> GIVEN INFORMATION
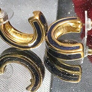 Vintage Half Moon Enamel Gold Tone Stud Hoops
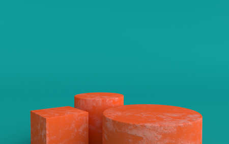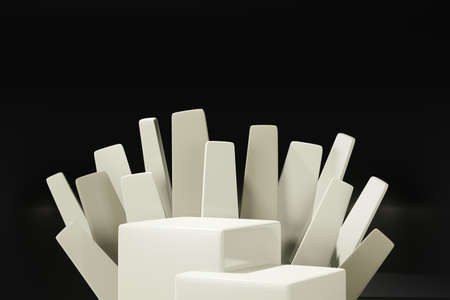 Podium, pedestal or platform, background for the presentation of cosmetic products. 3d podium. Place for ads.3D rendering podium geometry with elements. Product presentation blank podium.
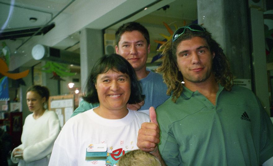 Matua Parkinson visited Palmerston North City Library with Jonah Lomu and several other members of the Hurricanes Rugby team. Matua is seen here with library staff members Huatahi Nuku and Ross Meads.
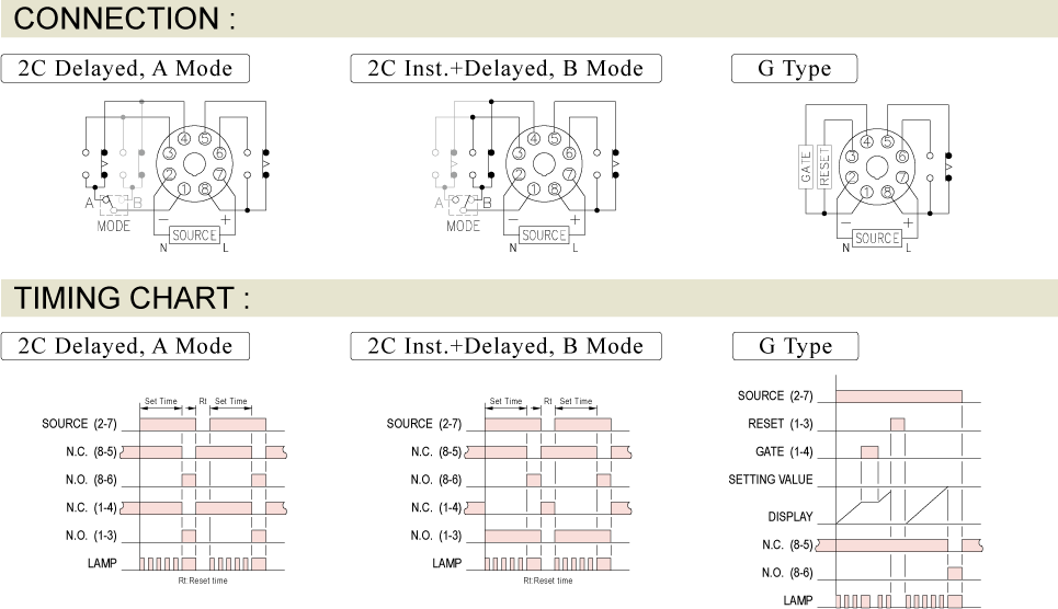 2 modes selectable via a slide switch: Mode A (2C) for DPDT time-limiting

> EXERCISE GOAL
Return the listing above unaltered, omitting its pictures.

> REPLY
 Vintage Half Moon Enamel Gold Tone Stud Hoops
 Podium, pedestal or platform, background for the presentation of cosmetic products. 3d podium. Place for ads.3D rendering podium geometry with elements. Product presentation blank podium.
 Matua Parkinson visited Palmerston North City Library with Jonah Lomu and several other members of the Hurricanes Rugby team. Matua is seen here with library staff members Huatahi Nuku and Ross Meads.
 2 modes selectable via a slide switch: Mode A (2C) for DPDT time-limiting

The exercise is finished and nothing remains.